Christian Reis lives here

I know you know. But well, just in case you forgot..

Since 2004, I've been actively involved in development of Launchpad, and in 2005 I became application manager for the project, together with Steve Alexander. These days I lead a team of over 30 people at Canonical working on building a platform for the future of open source development and collaboration.

In 2003, I somehow managed an MSc degree from USP São Carlos, where I wrangled out my dissertation on defining a Process Model for Free Software Projects. My MSc project is described in two long documents (in portuguese). I graduated in Computer Engineering from UFSCar in 1997, though most of that time evaporated into swimming pools and bike trails.

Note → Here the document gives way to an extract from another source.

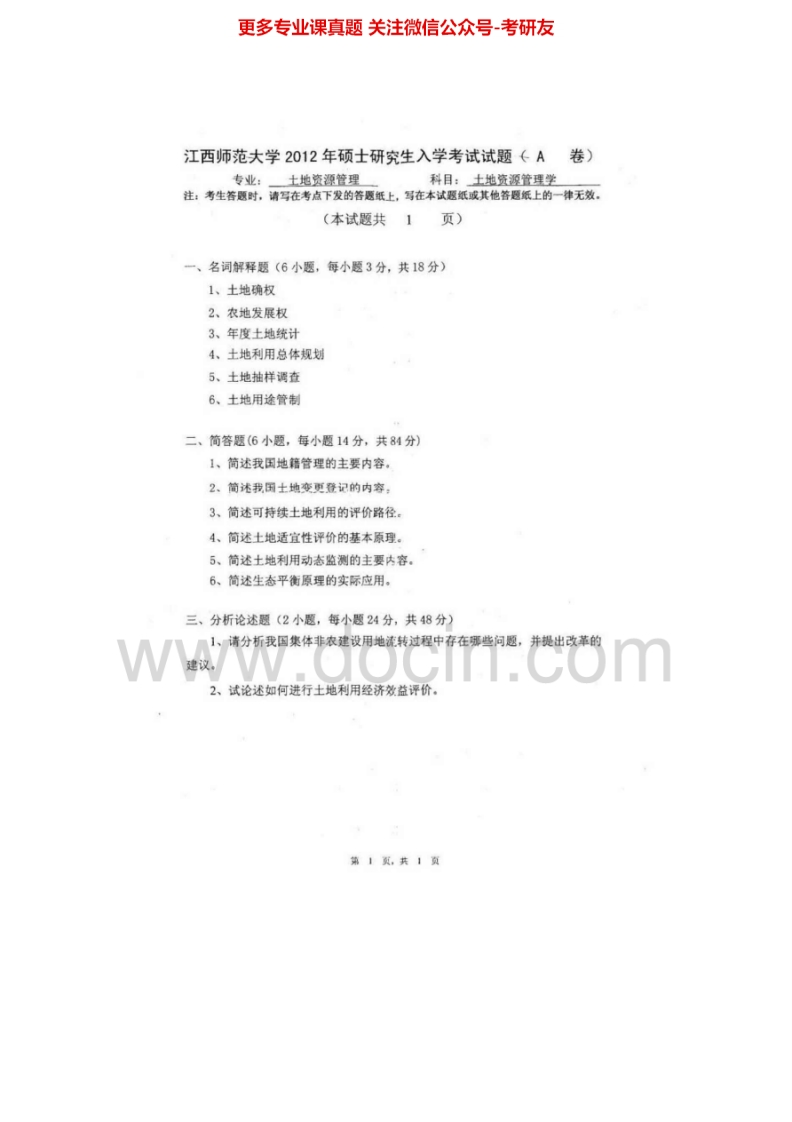 江西师范大学737土地资源管理学2012-2013考研真题汇编-学习资源网 - 分享优质学习资料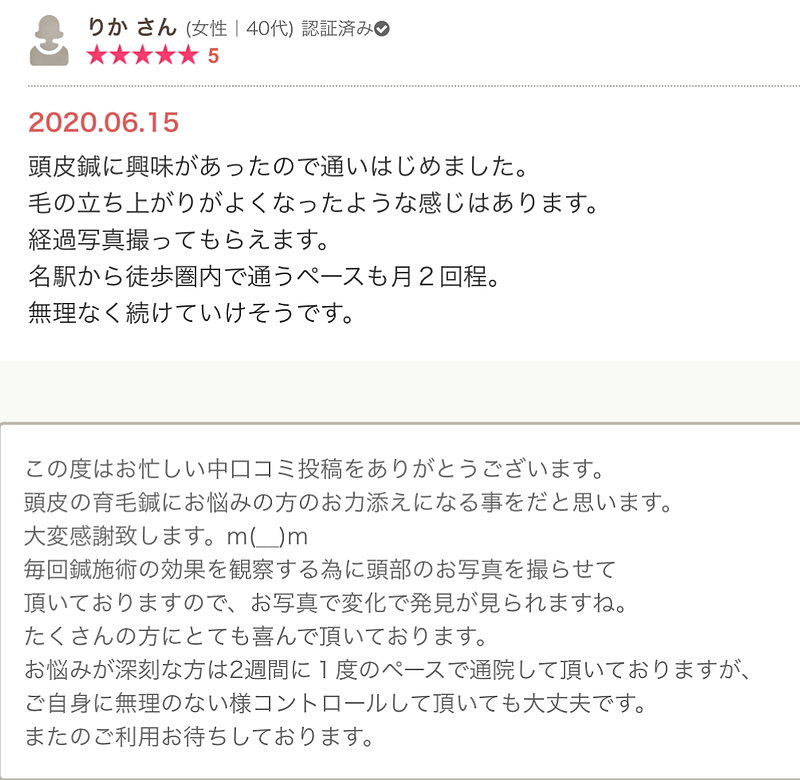 りか さん (女性|40代) 認証済み星52020.06.15 頭皮鍼に興味があったので通いはじめました。毛の立ち上がりがよくなったような感じはあります。経過写真撮ってもらえます。名駅から徒歩圏内で通うペースも月2回程。無理なく続けていけそうです。店舗コメント2020.09.08 17:22この度はお忙しい中口コミ投稿をありがとうございます。頭皮の育毛鍼にお悩みの方のお力添えになる事をだと思います。大変感謝致します。m(__)m毎回鍼施術の効果を観察する為に頭部のお写真を撮らせて頂いておりますので、お写真で変化で発見が見られますね。たくさんの方にとても喜んで頂いております。お悩みが深刻な方は2週間に1度のペースで通院して頂いておりますが、ご自身に無理のない様コントロールして頂いても大丈夫です。またのご利用お待ちしております。

A couple of years ago (just as I had decided I wanted nothing to do with computers) I discovered Free Software and Unix, and I've been working on both ever since then. I've contributed to dozens of free software projects, and I am currently an active developer for Bugzilla, PyGTK, ZODB, Kiwi and IndexedCatalog. I've worked with Web development (who hasn't?) and Usability, additionally, in the past years.

I am a partner at Async Open Source, a company that provides development and consulting services focused on on Free Software. I helped found Async in early 1999.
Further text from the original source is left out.